Sometimes I get the feeling that people think farmers are a bunch of good ole boys scratching at the dirt, in awe and ignorance of the wonder of it all. We aren't. We've thought this through better than a social activist could imagine, it's our bread and butter. That's what we're discussing here, social activists with ideas about farming about as divorced from reality as they could be. OFC their solutions to fantasy problems...will be further fantasy. "Just grow people food where you grow livestock feed", they say. Guess what, can't. Any more suggestions? "Stop producing livestock to save the planet", they say. Guess what, can't. Any more suggestions?
*Assuming all goes well from seed to sale, which never happens. One cold snap and you lose 50%, then maybe 10% to disease, and another 10-20% to product standards (not pretty enough), and a further 10-20% due to failure to sell. A bad year you might make 100$ or lose money on any given acre (if you haven't paid off your model requirements and/or the property value is increasing). This is what caused the rise of the megafarm. If you only have a few acres, firstly, you can;t buy in to the conventional market, but more importantly, you can't spread your risk effectively. Buh-bye mom and pop. The model I use asks the consumer to assume all risk in the form of a pre-season lump payment.

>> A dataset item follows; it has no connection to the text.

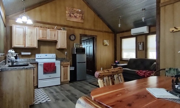 We offer 720sq ft. of space for the whole family. 2 bedrooms with extra cots, walk in closets, stand up shower, washer/dryer, fridge, microwave, full stove/oven, coffee pot, cooking pots, dish-ware, a/c / heat in each room. Eat in kitchen with Amish made dinette set. Couch that folds out to make bed. Outside smoke-less fire pit with grill option. No pets Unless approved

**This one is, to me, truly mystifying. The folks who battery farm chickens don;t seem thrilled about it, and the equipment is actually mandated to them from on high by the retailing body (and specific -to- the retailing body). Perdue, for example, makes almost as much money charging farmers for "new" equipment and techniques yearly as they do from selling chickens. It's a scam, plain and simple, a beautiful scam, but a scam nevertheless. That's not to say the equipment and techniques don't work. They do, those chickens are delicious. I grew up wringing their necks and plucking them, old school. They don't taste the same, and they're tiny, so I prefer store-bought (and so does John Q Consumer). The"old cookbooks" btw, don;t call for ingredients they had spotty access too. You might think that fresh herb/spice (and citrus, no less, lol) was widely available then because it is now, but you'd be thinking wrong. You're welcome for that, btw, lol. Old cookbooks and new cookbook recipes are the damning case against livestock production..based upon the moving goalpost of flavor, btw? I brine my chicken as well, it allows for thicker, and therefore juicier, chunks to be fried without overcooking the coating. You're partially curing the meat before applying heat - that's all that's going on there. Used to be you could hang your chickens out for prep, but that's not exactly safe. You know they turn jet black before they're really ready to eat?